ENTENDENDO A FILOSOFIA

1) "Logos e mito são as duas metades da linguagem, duas funções igualmente


fundamentais da vida do espírito”. Que quer dizer Pierre Grimal com essa
afirmação?

2) Porque se pode dizer baseado no estudo do helenísta Jean Pierre Vernant, que o
surgimento da filosofia foi engendrado em "praça pública"?

3) Qual era a preocupação central dos filósofos de Mileto e o que encontrou cada
um em sua busca?

4) O pensamento de Pitágoras introduziu pela primeira vez, dentro da história da


filosofia ocidental, um aspecto mais formal na explicação da realidade. Que
aspecto é esse? Por que é mais formal? Em comparação ao que? Justifique sua
resposta com exemplos.

5) Qual a concepção de realidade contida nesta frase de Heráclito: "A luta é a mãe,
rainha e princípio de todas as coisas"?
6) Comente as divergências fundamentais entre Parmênides e Heráclito sobre a
realidade do ser.

7) Qual o objetivo de Zenão de Eléia ao criar os célebres argumentos, como o da


corrida de Aquiles com uma tartaruga?

8) Empédocles tentou conciliar as concepções de Parmênides e Heráclito. Como


essa tentativa de conciliação se expressa em sua teoria?
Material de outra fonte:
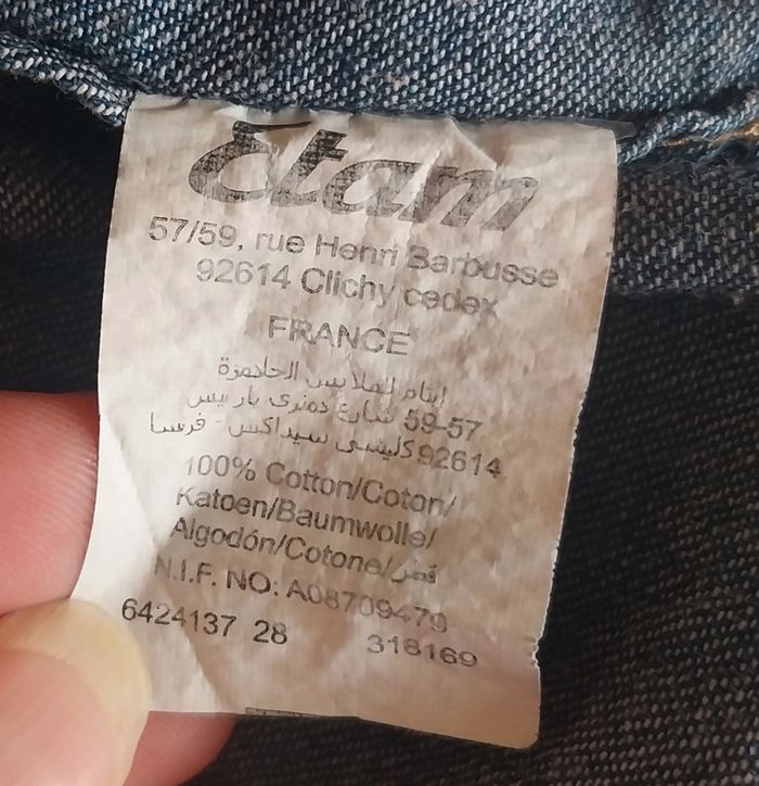Chemise en jean Etam taille 38 brut Fermeture par boutons pressions Petite poche et clous decoratifs à l'avant 100% coton #gwen89350taille38

9) De que maneira o pensamento de Demócrito também formula uma solução que


concilia a imobilidade do ser com o movimento do mundo?

DEBATE E REFLEXÃO

1) A PERSISTÊNCIA DOS MITOS


"Acredita-se ou não nele (o mito), conforme a própria vontade, mediante um ato de fé, caso
pareça "belo" ou verossímil, ou simplesmente porque se quer acreditar" (Grimal).
Reflita sobre essa afirmação, investigue sobre o tema e procure identificar alguns mitos do
mundo atual. Depois compartilhe suas reflexões e descobertas com seus colegas.

2) FILOSOFIA PRÉ-SOCRÁTICA E MITO


A filosofia nasceu promovendo a passagem do saber mítico ao saber racional, sem,
entretanto, romper com todas as estruturas explicativas do mito.
Que elementos míticos você pode identificar no pensamento dos filósofos pré-socráticos
estudados neste capítulo? Pesquise e reflita sobre o assunto.

3) FILOSOFIA E CIDADANIA
Segundo Jean Pierre Vernant, a filosofia grega é filha da pólis. Por isso, para o grego, o
homo sapiens é o homo politicus, aquele que decide os destinos da sociedade em que vive.
Hoje em dia a filosofia está distanciada de suas origens, isto é, ela não é mais uma prática
comum entre os cidadãos, que pouco debatem e quase nada decidem sobre as grandes
questões da vida pública.
Seria possível cada cidadão, como um filósofo, voltar a expressar e discutir suas opiniões
em espaço público? O que teria que mudar? Discuta sobre este assunto com seus colegas.